Page 10 of 14

Disappointment

Posted: Wed Sep 15, 2004 2:04 am
by Cal Harth
JohnD, I read Emma's post on page five and knew immediately that she knew how the optical effect was produced. I don't know what bow glass is, but I would be surprised to see it coming out of a sandblaster's nozzle. Lots of good thinking went into our collective responses. I hope this continues.

Reflection

Posted: Wed Sep 15, 2004 2:07 am
by mike.roman@comcast.net
It appears to be the reflection on the ground of the sun shining onto the lense of a camera. The rings are from the distortion of the lense at the edge of the metal ring of the camera.

nice...

Posted: Wed Sep 15, 2004 3:09 am
by -=Arramon=-
Wow.. that's very interesting.. again. I luv this place... wish I could get registered.. (not working btw.)

So what if you sky-dived and there was a rainbow in the sky? Would you continually see primary and secondary rainbows scroll up as you fall down?
(Or however the effect may be)

Just curious..

=)-~

Posted: Wed Sep 15, 2004 3:24 am
by Dan - Mt. Shasta, Ca
Dont be so hard on Emma..she didnt spill the beans..the good Professor told everyone they were "correct"..smart guy. Otherwise he'd get 500 emails a day.

Response

Posted: Wed Sep 15, 2004 4:24 am
by coloclimber
Simple. It's the flash from his camera reflecting off of the mineral content of the asphalt. As the saying goes, In New York (And Massachusets, evidently) the streets are paved with diamonds. The refraction causes us to see the rainbow as we are used to.

phenomenon

Posted: Wed Sep 15, 2004 4:33 am
by RR
I see lots of light but no dark. A light source?
I also see finger rubs not foot prints, a wall?
The circle is perfect and the color bands in the rainbow are very close in size.
Not a natural occurance I'd guess.
Yes it looks cold, june in Mass. Ice. water droplets. can we get the right angle to make a real rainbow?
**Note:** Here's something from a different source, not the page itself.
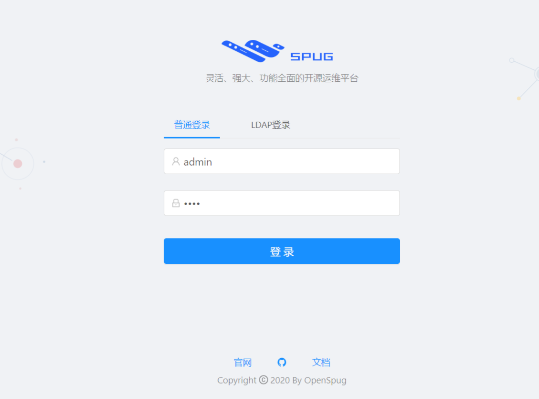 在浏览器中输入 http://localhost:80 访问,用户名:admin 密码:spug.dev

I think someone stayed up all night looking at stars and when the sun came up they pointed their telescope at it and projected the light onto a wall. the rainbow is from difraction of the suns rays through some morning mist.

Rockin Roy

Lewin's challenge

Posted: Wed Sep 15, 2004 7:31 am
by rasa
Isn't this called an anti-solar halo? It's a natural occurance but, unfortunately, I don't know how it happens.

i know what it is

Posted: Wed Sep 15, 2004 8:02 am
by analogee
hell if i know.

:shock:

Lewin's Challenge Image- a rainbow inside a camera obscura

Posted: Wed Sep 15, 2004 8:43 am
by Titon
Lewin is inside a camera obscura. That's why you see a bright spot (the sun's image) against a darker background (otherwise, everything would be equally bright). This is maybe because the construction site is a closed one, and there's a hole somewhere in the ceiling allowing a sunbeam to enter.
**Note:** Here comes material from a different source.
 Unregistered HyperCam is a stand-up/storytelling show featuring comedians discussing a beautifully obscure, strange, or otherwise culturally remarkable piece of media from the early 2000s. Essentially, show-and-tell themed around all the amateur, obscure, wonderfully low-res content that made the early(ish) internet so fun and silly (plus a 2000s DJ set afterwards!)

Now, this bright spot (corresponding to the sun's shape) has raibow colors around. That is because of difraction, which is because of different speeds of light for different densities of a transparent means, most probably light going through air and water. My guess is that droplets of water were inside the camera obscura. Somewhere inside the closed construction site, water was being sprayed.
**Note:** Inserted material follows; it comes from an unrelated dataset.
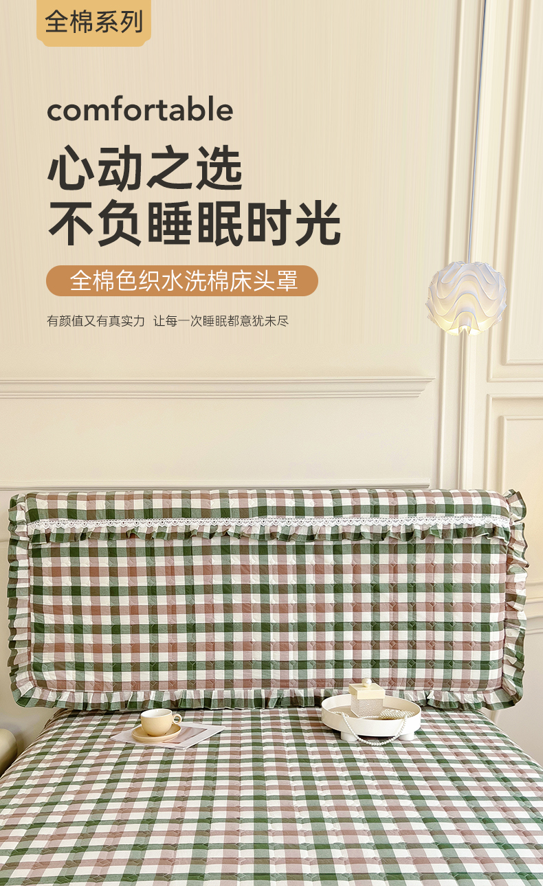 商品名称:十个点 2024新款色织水洗棉-韵格系列-床头罩 七彩格绿

So, my guess is that this is a rainbow for a single beam of light coming into the dark construction site and caused by droplets of water being suspended in the air and through which the beam passed.

Re: Lewin's Challenge Image- a rainbow inside a camera obscu

Posted: Wed Sep 15, 2004 10:16 am
by Guest
He does not need to be in a camera obscura, note that the outside of a rainbow is usually darker than the inside. Forget the dark place with a hole on the top...
Titon wrote:Lewin is inside a camera obscura. That's why you see a bright spot (the sun's image) against a darker background (otherwise, everything would be equally bright). This is maybe because the construction site is a closed one, and there's a hole somewhere in the ceiling allowing a sunbeam to enter.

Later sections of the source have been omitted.